Results: After data standardization, the data quality was excellent and it can ensure reliable results. Myocardial cell infection with SARS-CoV-2 and gene expression spectrum were changed significantly, including a total of 484 DEGs in adult cardiomyoblasts, a total of 667 DEGs in macrophages, and a total of 1 483 DEGs in human embryo source of cardiomyopathy.
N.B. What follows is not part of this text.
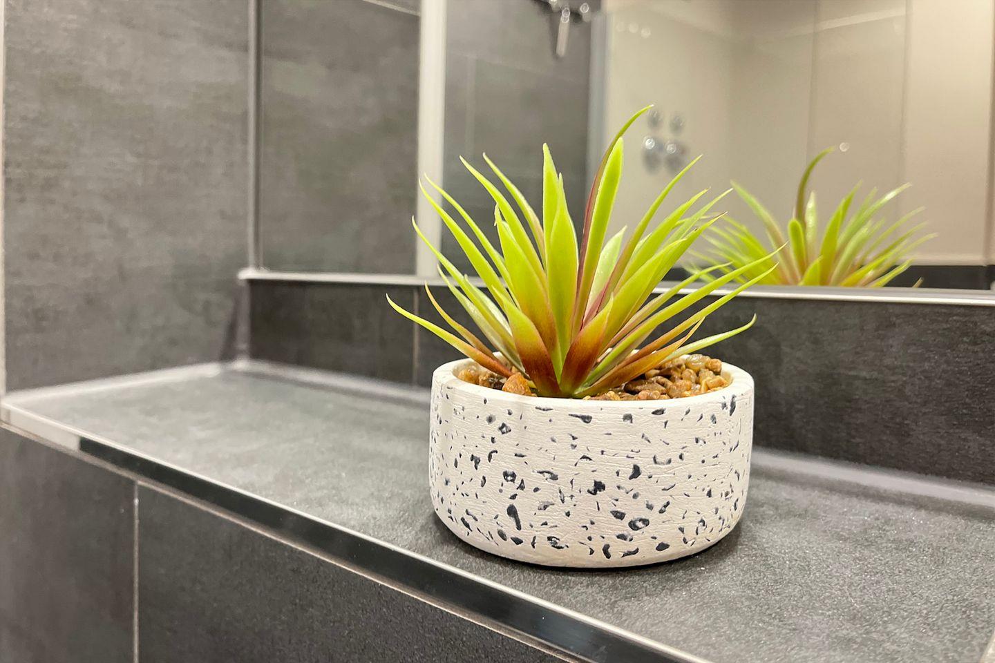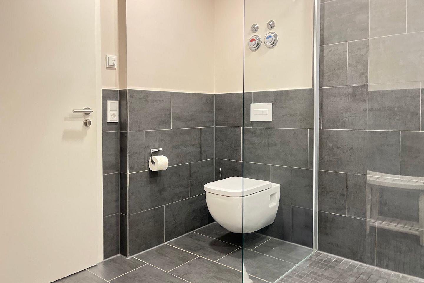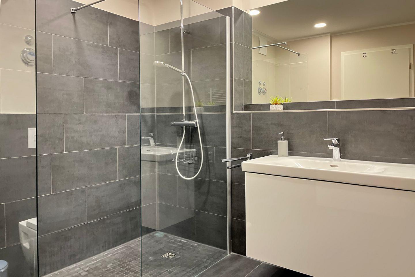 Das Badezimmer ist modern eingerichtet mit bodengleicher Dusche, WC, Waschbecken, Kosmetikspiegel und Haartrockner.

The Stum, mechanosensory transduction mediator homolog (STUM), dehydrogenase/reductase 9 (DHRS9), calcium/calmodulin dependent protein kinase II beta (CAMK2B), claudin 1(CLDN1), C-C motif chemokine ligand 2 (CCL2), TNFAIP3 interacting protein 3 (TNIP3), G protein-coupled receptor 84 (GPR84), and C-X-C motif chemokine ligand 1 (CXCL1) were identical in expression patterns in 3 types of cells. The protein-protein interaction suggested that CAMK2B proteins may play a key role in the antiviral process in 3 types of cells; and silicon dioxide (SiO2), benzodiazepine (BaP), nickel (Ni), and estradiol (E2) affect anti-SARS-CoV-2 processes of the 3 types of cells.
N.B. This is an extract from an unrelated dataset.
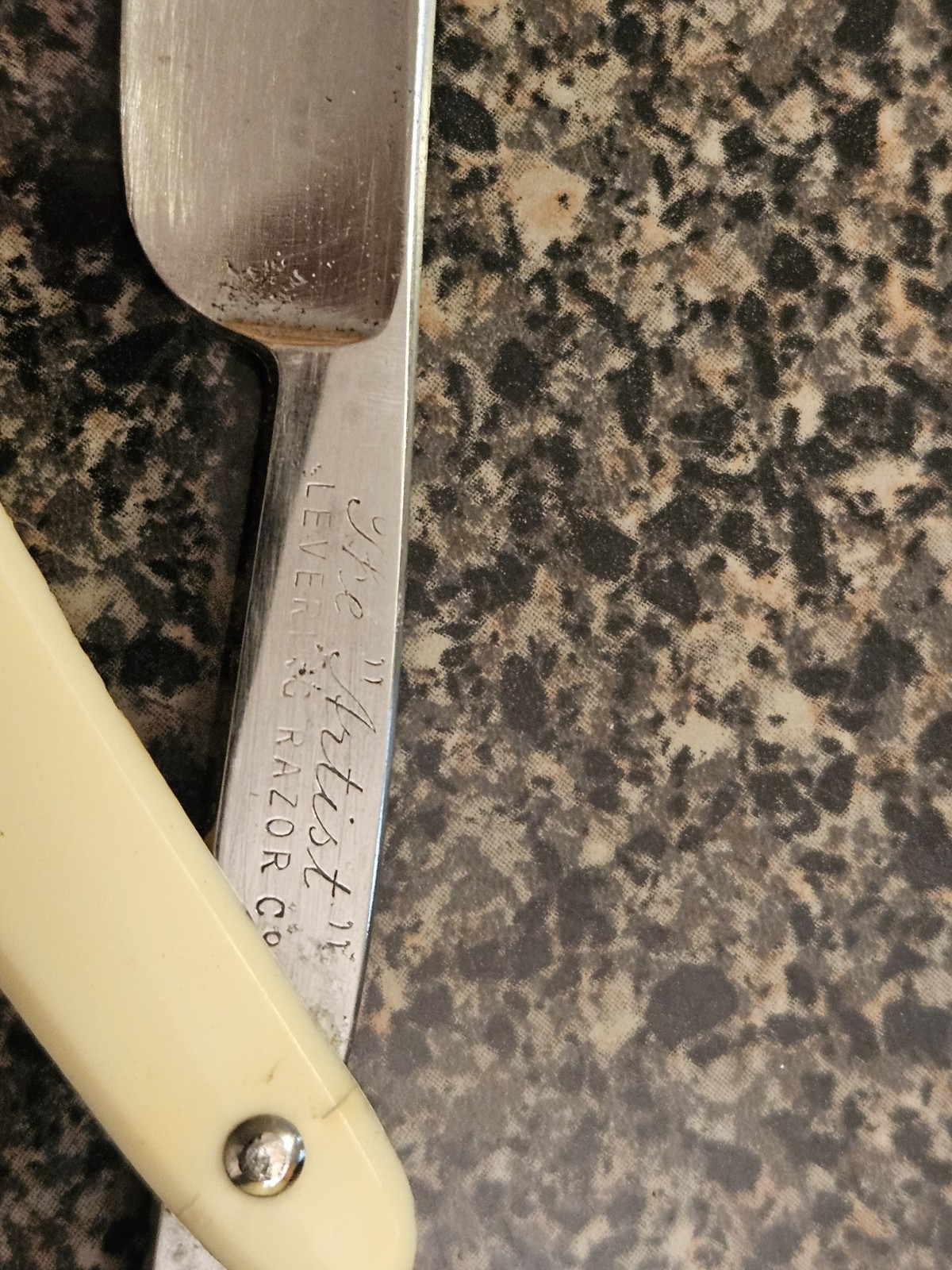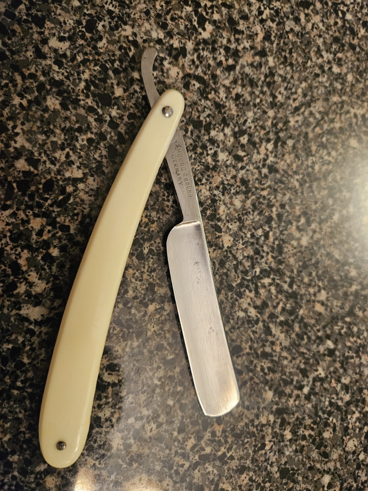 This is a beautiful vintage "The Artist" straight razor produced by the Levering Razor Co. The blade features the "Hamburg Ground" stamp, indicating high-quality German craftsmanship.

Conclusions: CAMK2B, CLDN1, CCL2, and DHRS9 genes play important roles in the immune response of cardiomyocytes against SARS-CoV-2. SiO2, BaP, Ni, E2 may affect the cell's antiviral process by increasing the toxicity of cardiomyocytes, thereby aggravating SARS-CoV-2 harm to the heart.
目的: 2019冠状病毒病(coronavirus disease 2019,COVID-19)是一种由严重急性呼吸综合征冠状病毒2(severe acute respiratory syndrome coronavirus 2,SARS-CoV-2)引起的急性呼吸道传染病。SARS-CoV-2既可直接损伤心肌,也可通过激活免疫系统,引发细胞因子风暴,导致炎症细胞在心肌组织的浸润而损伤心肌。本研究基于测序数据分析SARS-CoV-2感染后人心肌细胞和巨噬细胞基因表达的变化,探讨SARS-CoV-2对心脏和免疫系统的潜在影响。方法: 检索公共数据集GSE151879,采用在线软件Network Analyst对数据进行预处理,并进行感染组和对照组心肌细胞、人胚胎干细胞来源的心肌细胞及巨噬细胞差异表达基因(differentially expressed genes,DEGs)[log2(fold change)>2,调整后P<0.05]的筛选。获取心肌细胞和巨噬细胞中表达模式一致的共同差异表达基因(consistent common differentially expressed genes,CCDEGs),利用在线分析软件String对其进行生物学功能和信号通路的富集分析。建立蛋白质交互作用网络、转录因子-基因交互网络、miRNA-基因交互网络和环境化学物-基因交互网络,并利用Cytoscape3.72进行可视化。结果: 经标准化后的数据质量优秀,可确保分析结果可靠;心肌细胞感染SARS-CoV-2后,基因表达谱发生明显改变;成人心肌细胞中共484个DEGs,巨噬细胞中共667个DEGs,人胚胎干细胞来源的心肌细胞中共1 483个DEGs。机械传感介体同系物(STUM)、脱氢酶/还原酶9(DHRS9)、钙/钙调蛋白依赖性蛋白激酶IIβ(CAMK2B)、紧密连接蛋白1(CLDN1)、C-C基序趋化因子配体2(CCL2)、肿瘤坏死因子α诱导蛋白3相互作用蛋白3(TNIP3)、G蛋白偶联受体84(GPR84)、C-X-C基序趋化因子配体1(CXCL1)在3类细胞中表达模式完全一致。蛋白质交互作用网络提示CAMK2B蛋白在3类细胞抗病毒过程中可能发挥着关键性作用。环境化学物二氧化硅、苯并芘、镍和雌二醇影响3类细胞的抗病毒过程。结论: CAMK2B、CLDN1、CCL2和DHRS9基因在心肌细胞抗SARS-CoV-2免疫反应中发挥重要作用;二氧化硅、苯并芘、镍和雌二醇可能通过增加心肌细胞毒性影响细胞的抗病毒过程,进而加重SARS-CoV-2对心脏的损害。.
Keywords: cardiomyocytes; coronavirus disease 2019; environmental chemicals; immune response; macrophages; severe acute respiratory syndrome coronavirus 2.